##### Data for the task #####
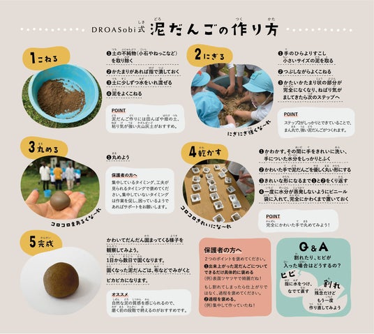 「DROASobi~どろのふしぎ体験プログラム~」についてでは、講話やクイズ形式で生活に身近な泥を知るところから、泥だんごづくりまで五感を使って泥にふれあいます。自分なりの工夫をして泥だんごをつくることや、互いに誉めあうこと、自然を理解することなど全体の体験を通して「自己肯定感」「主体性」「コミュニケーション能力」の向上に貢献します。
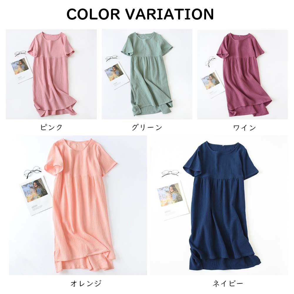 ダブルガーゼ パジャマ ワンピース ネ ピンク グリーン ネイビー ワイン M L LL
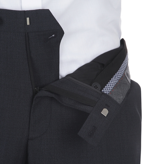 - 잔조직 텍스쳐 디자인의 클래식한 남성 수트 팬츠.
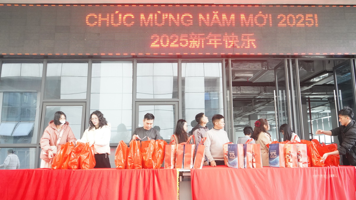 1月2日、3日,太仓和坪山分别向生产员工发放新年大礼包。公司顾问汪大维、副总经理龙晓晶为员工发放新年礼包,送上新年问候。1月4日,海宁同维洋溢着喜庆与温馨的氛围。第三经营体总经理王宏为员工发放新年大礼包,代表公司向大家表达诚挚谢意。1月18日,1月18日,越南同维工会组织发放员工新年礼包。越南同维工会主席阮氏绒、副主席陶氏青玄和人力行政中心总监于红星等人为大家发放。一袋袋包装精美的礼品整齐排列,员工们兴高采烈前来领取。
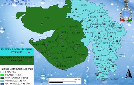 અત્યારે રાજ્યમાં સિઝનનો સરેરાશ 62.44 ટકા વરસાદ વરસી ચૂક્યો છે. જેમાં સૌરાષ્ટ્રમાં આ સિઝનનો 55 ટકા વરસાદ વરસ્યો છે, જ્યારે કચ્છ ઝૉનમાં સિઝનનો 64.17 ટકા વરસાદ, દક્ષિણ ગુજરાતમાં સરેરાશ 65.70 ટકા વરસાદ અને ઉત્તર ગુજરાતમાં સરેરાશ 65.17 ટકા વરસાદ વરસી ચૂક્યો છે. આ વહેલા વરસાદના કારણે ખેડૂતોમાં કહી ખુશી કહી ગમ જેવો માહોલ છે.
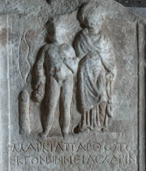 - Gerahmtes Feld, darin über der Inschrift zwei stehende Personen. Links nackter Kanbe als Eros, in der rechten Hand Traube, in der linken Vogel (?), neben der rechten Schulter Bogen, darunter Köcher. neben ihm Frau in Chiton und Mantel.
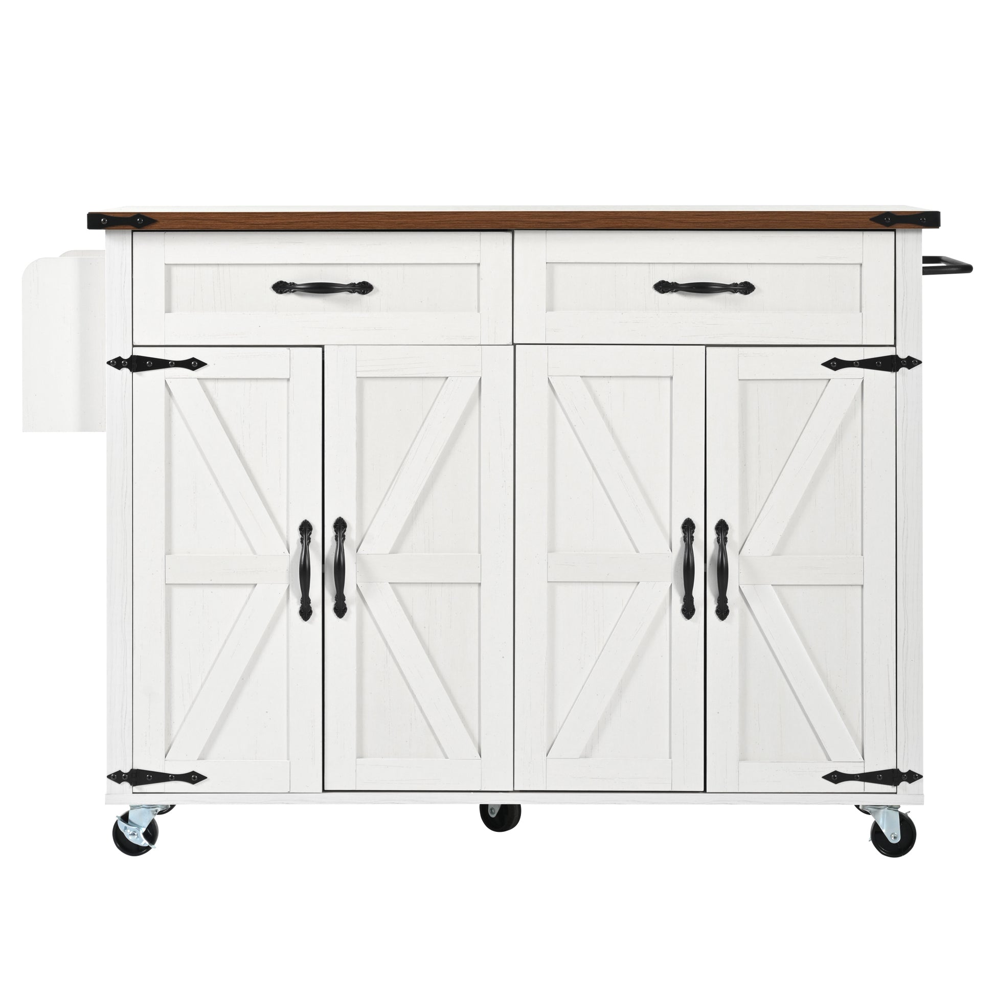 This food cart features shelves on one side for drinks, spirits, or spice jars, and a towel rack on the other. It also has two cabinets with doors and two drawers for versatile storage.
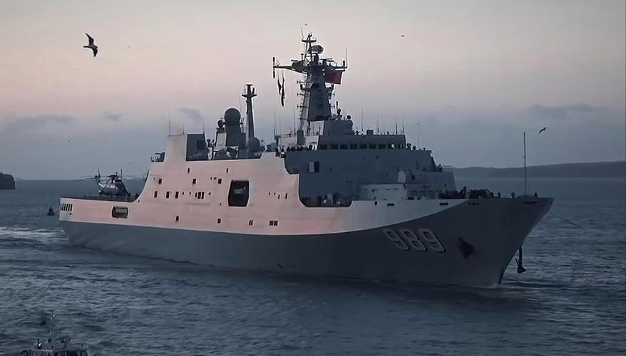071型船坞登陆舰满载排水量约 2.9万吨,具有较强的两栖作战能力和运输能力,不但可以运输坦克之类的陆地作战军种,更具有可供大型直升机起飞的甲板以及相关系统,为中国海军执行两栖作战任务提供有力保障。
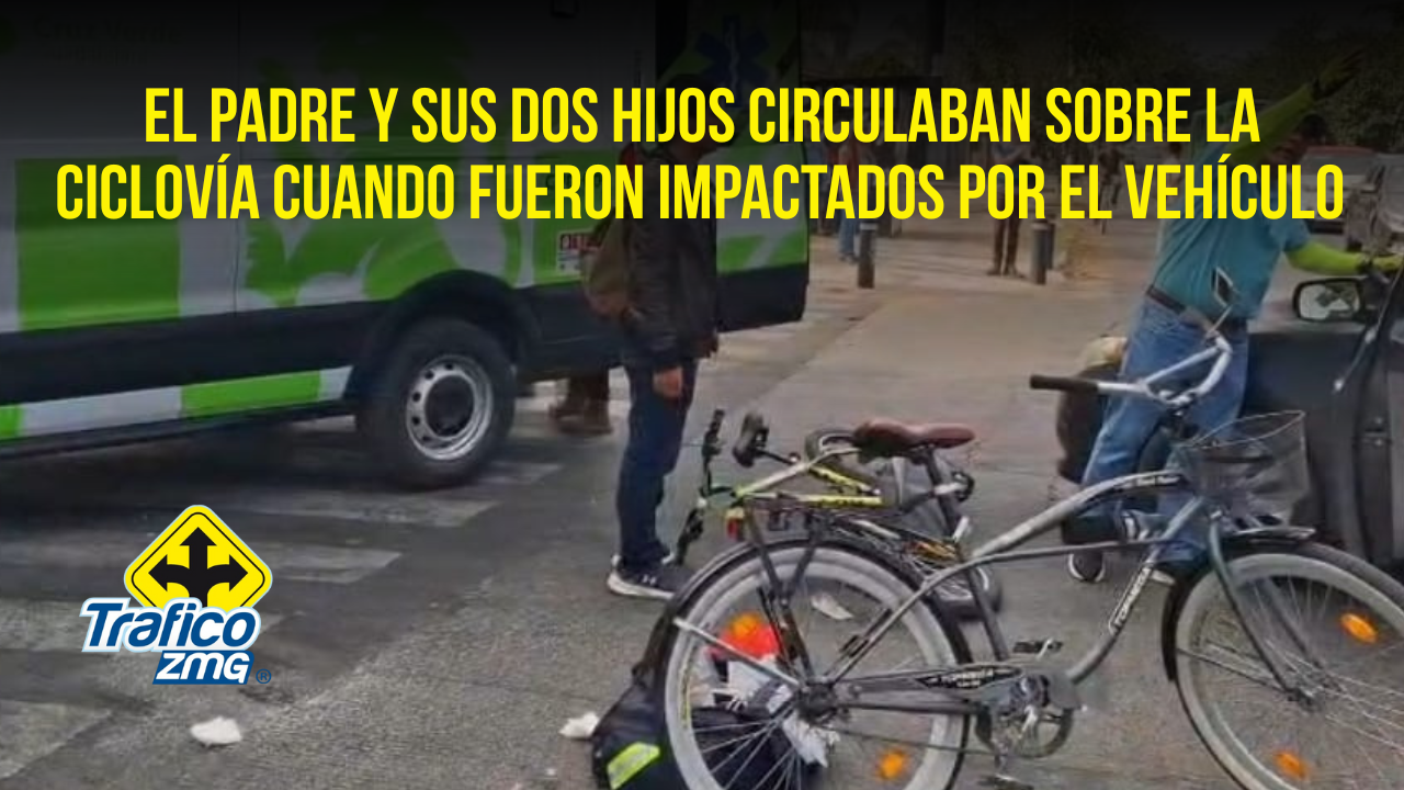 Una familia de tres ciclistas —padre, hijo e hija— fue impactada por un automóvil cuando circulaban por la ciclovía en el cruce de Salvador López Chávez y Boulevard Marcelino García Barragán, cerca de la Preparatoria 12 de la Universidad de Guadalajara, en la colonia Olímpica de Guadalajara.
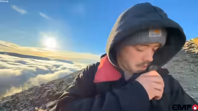 02:27:34Mit einer Wette gegen den Chat startet Ronny den Abstieg: Schafft er es in 90 Minuten hinunter? Er beschreibt die Gefahren des Weges – Rutschgefahr, Steinschlag und Gelenkschmerzen – und betont, dass der Rückweg trotz kürzerer Distanz anstrengender ist. Während des Abstiegs bleibt die Verbindung instabil, aber Ronny bleibt motiviert.
#####
Would you restate, exactly and with no pictures, the lines of the entries above from the one containing "ダブルガーゼ パジャマ ワンピース ネ ピンク グリーン ネイビー ワイン M L LL" through the one containing "1月2日、3日,太仓和坪山分"?

 ダブルガーゼ パジャマ ワンピース ネ ピンク グリーン ネイビー ワイン M L LL
 - 잔조직 텍스쳐 디자인의 클래식한 남성 수트 팬츠.
 1月2日、3日,太仓和坪山分别向生产员工发放新年大礼包。公司顾问汪大维、副总经理龙晓晶为员工发放新年礼包,送上新年问候。1月4日,海宁同维洋溢着喜庆与温馨的氛围。第三经营体总经理王宏为员工发放新年大礼包,代表公司向大家表达诚挚谢意。1月18日,1月18日,越南同维工会组织发放员工新年礼包。越南同维工会主席阮氏绒、副主席陶氏青玄和人力行政中心总监于红星等人为大家发放。一袋袋包装精美的礼品整齐排列,员工们兴高采烈前来领取。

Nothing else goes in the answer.